→ Task details
Your copy of the listing should be exact and should contain no pictures.

→ Recorded data
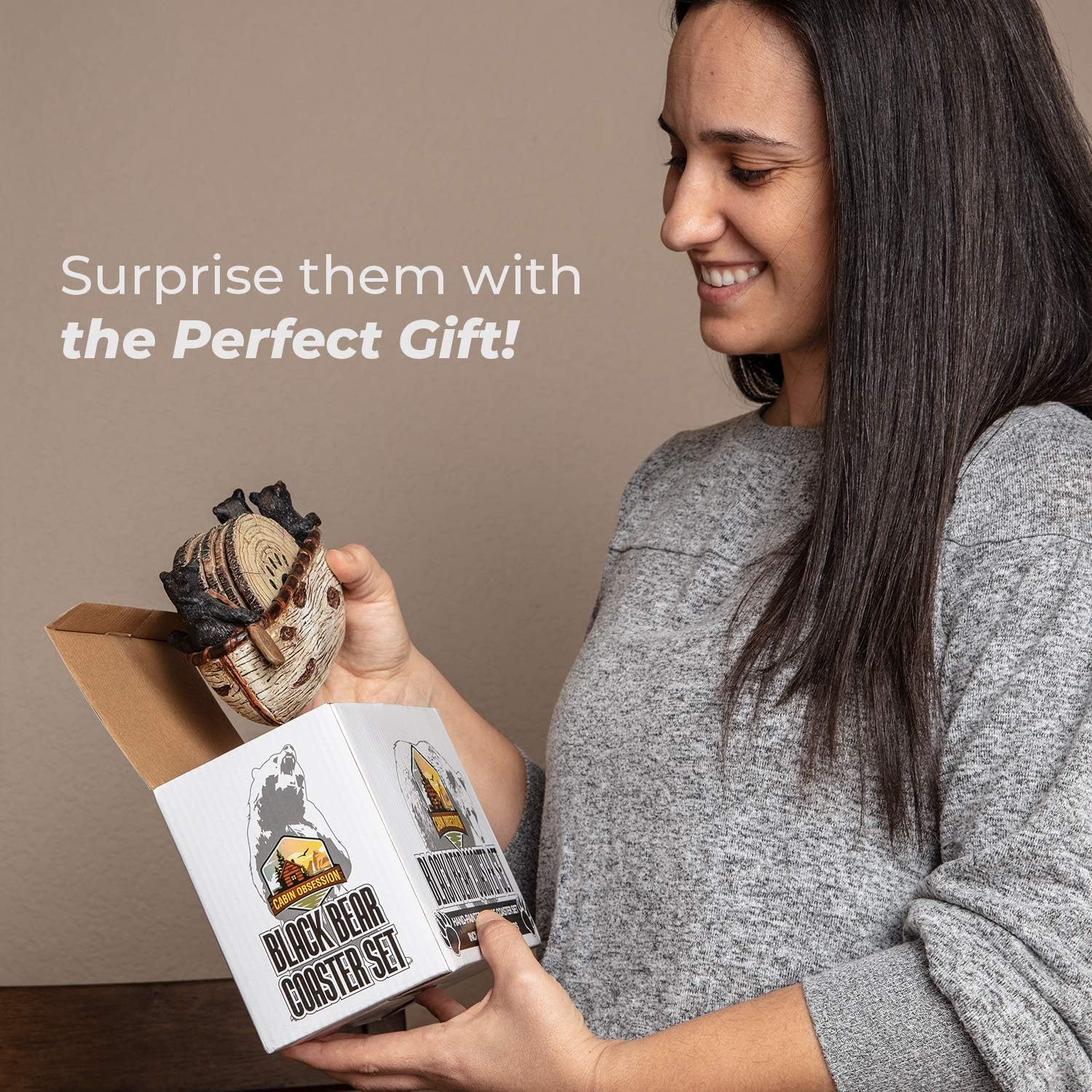 - ๐ป Makes the Perfect Gift โ Our adorable bear coaster set makes the perfect housewarming gift for cabin decorations, rustic home decor, farmhouse decor, or simply as a unique coffee table feature for a man cave. Not to mention, the adorable canoeing bear characters make a great conversation piece!
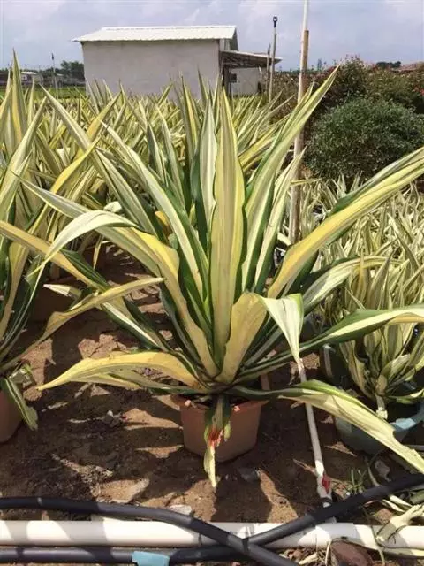 万年麻是万年兰属植物,株高可达1m,茎不明显。叶呈放射状生长,剑形,叶缘有刺,波状弯曲。斑叶品种无…
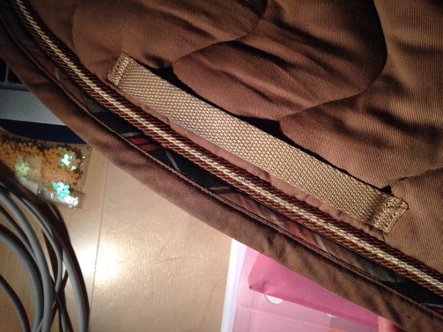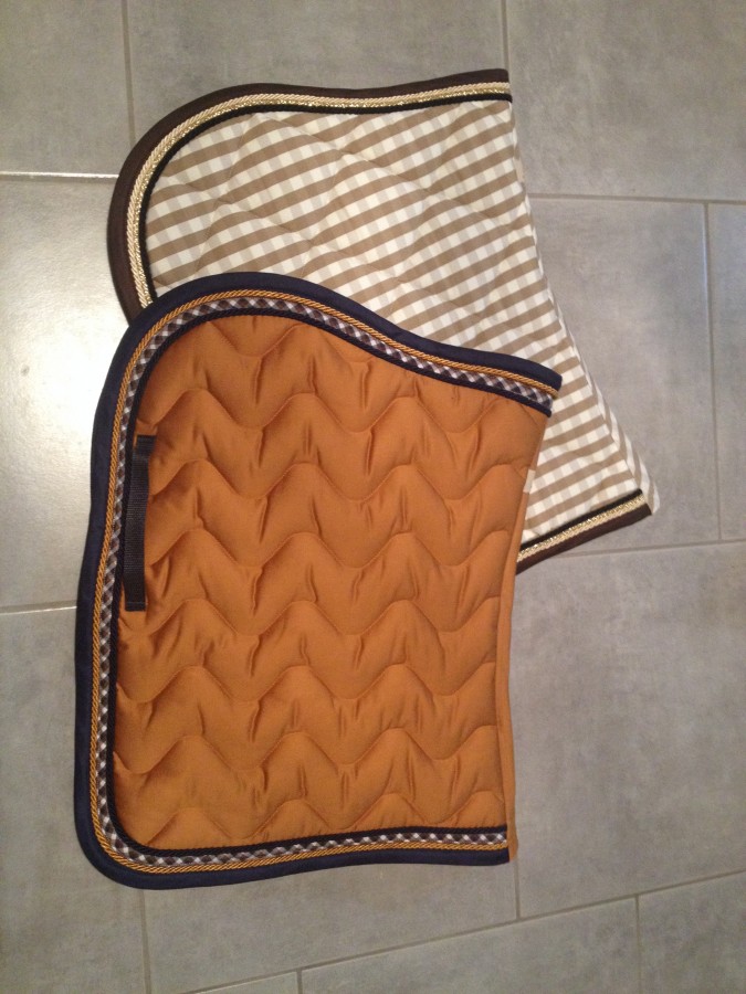 - Bonnet sur mesure chez Équi'dées, bleu marine, bord blanc et galon cuir vernis noir, assorti à mon Paddock pour les concours, plus long derrière pour être maintenu en place par le bridon Dyon. Bonnet toujours en cours de fabrication, mais au vu des photos de son travail, un beau bonnet de qualité et personnalisable à 100% pour seulement 27€ ! (Photo du tapis pour se donner une idée !)

→ Output for this exercise
 - ๐ป Makes the Perfect Gift โ Our adorable bear coaster set makes the perfect housewarming gift for cabin decorations, rustic home decor, farmhouse decor, or simply as a unique coffee table feature for a man cave. Not to mention, the adorable canoeing bear characters make a great conversation piece!
 万年麻是万年兰属植物,株高可达1m,茎不明显。叶呈放射状生长,剑形,叶缘有刺,波状弯曲。斑叶品种无…
 - Bonnet sur mesure chez Équi'dées, bleu marine, bord blanc et galon cuir vernis noir, assorti à mon Paddock pour les concours, plus long derrière pour être maintenu en place par le bridon Dyon. Bonnet toujours en cours de fabrication, mais au vu des photos de son travail, un beau bonnet de qualité et personnalisable à 100% pour seulement 27€ ! (Photo du tapis pour se donner une idée !)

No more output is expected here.